# cryptoloop mount fails since upgrade of util-linux

## karmaking

I have a crypted filesystem in a file that I mount via loopback device (cryptoloop/losetup). Since upgrade to util-linux 2.19.1, it fails to mount:

ioctl: LOOP_SET_STATUS: No such file or directory

This is reproduceable across several boxes.

In the release notes of util-linux 2.19.1, it says

 *Quote:*   

> losetup(8), mount(8):
> 
>   - uses /sys/dev/block/<device>/loop/backing_file rather than loopdev ioctls
> 
>     (requires kernel >= 2.6.37)

 

These files (/sys/dev/block/<device>/loop/backing_file) do not exist on any of my boxes, kernel is 2.6.38-r4. Maybe this is the reason. Any idea how to activate these?

Cheers

Daniel

----------

## VoidMage

I'd say far more likely reason is this bug, which was resolved as WONTFIX.

----------

## che

"You are not authorized to access bug #354451."

Does this mean that there is some security issue with cryptoloop/losetup and that there is no way to access those filesystems with newer packages?
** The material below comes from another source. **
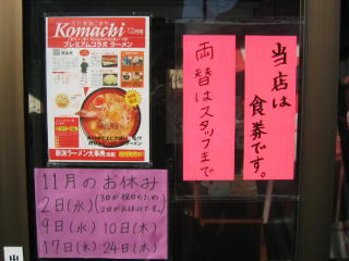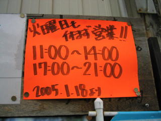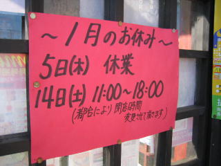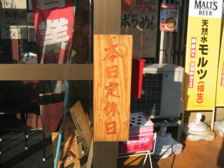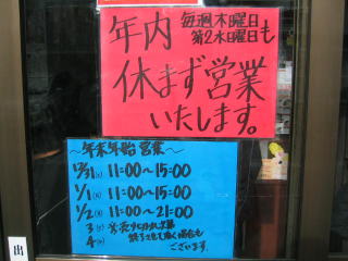 ご主人が見えないので、若い店員さんに聞いてみましたら「年越しラーメンやっていたため、今日はお休みです。」とのことでした。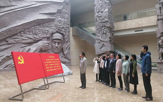 为不断增强党支部的凝聚力和战斗力,更好地发挥党员先锋模范作用,10月28日下午,机关第七党支部赴连云港市革命纪念馆开展“缅怀革命先烈 弘扬革命精神”主题党日活动,副校长严云洋参加此次活动。活动分两个阶段进行,首先,在革命先烈雕像前,全体党员面向党旗,在支部书记乔斌的带领下,庄严宣誓,重温入党誓词。随后,全体党员满怀着对革命志士的崇高敬意和深切缅怀,认真倾听讲解员的生动讲述,观看各展厅的文字介绍、图片及珍贵实物,回顾革命先烈们在血雨腥风的岁月里舍生取义,为中华民族的独立和伟大复兴立下的不朽功勋。通过此次主题党日活动,进一步激发了全体党员积极进取和勇于担当的爱国情怀。党员们纷纷表示,在今后的工作和生活中,要立足本职工作,不忘初心,牢记使命,时刻不忘党员身份,切实增强党性修养,立足本岗,扎实工作,为全校师生提供更优质服务。

edit: I'm using loop-aes, and apparently it's support in util-linux is not from upstream, but from third-party patch, which was dropped in 2.19.1. Which makes the "gone because of security issues" theory more likely. I guess I'll have to switch to cryptsetup-luks, or how is that thing called :(Last edited by che on Mon May 30, 2011 8:50 am; edited 1 time in total

----------

## VoidMage

No, more likely somebody decided to incite a flame war there and admins locked the bug.

The bug was simply saying, that maintainer is tired of reading new patch after every util-linux release (and dealing with bugs stating the old patch fails to apply).

On recent kernels and cryptsetup 1.3.0, it's possible to use loop-aes volumes without loop-aes (at performance penalty - see cryptsetup page).

----------

## che

Good to know, thanks for the explanation. (Even though it's a bit unfortunate Gentoo users can't read bug closed this way.)

----------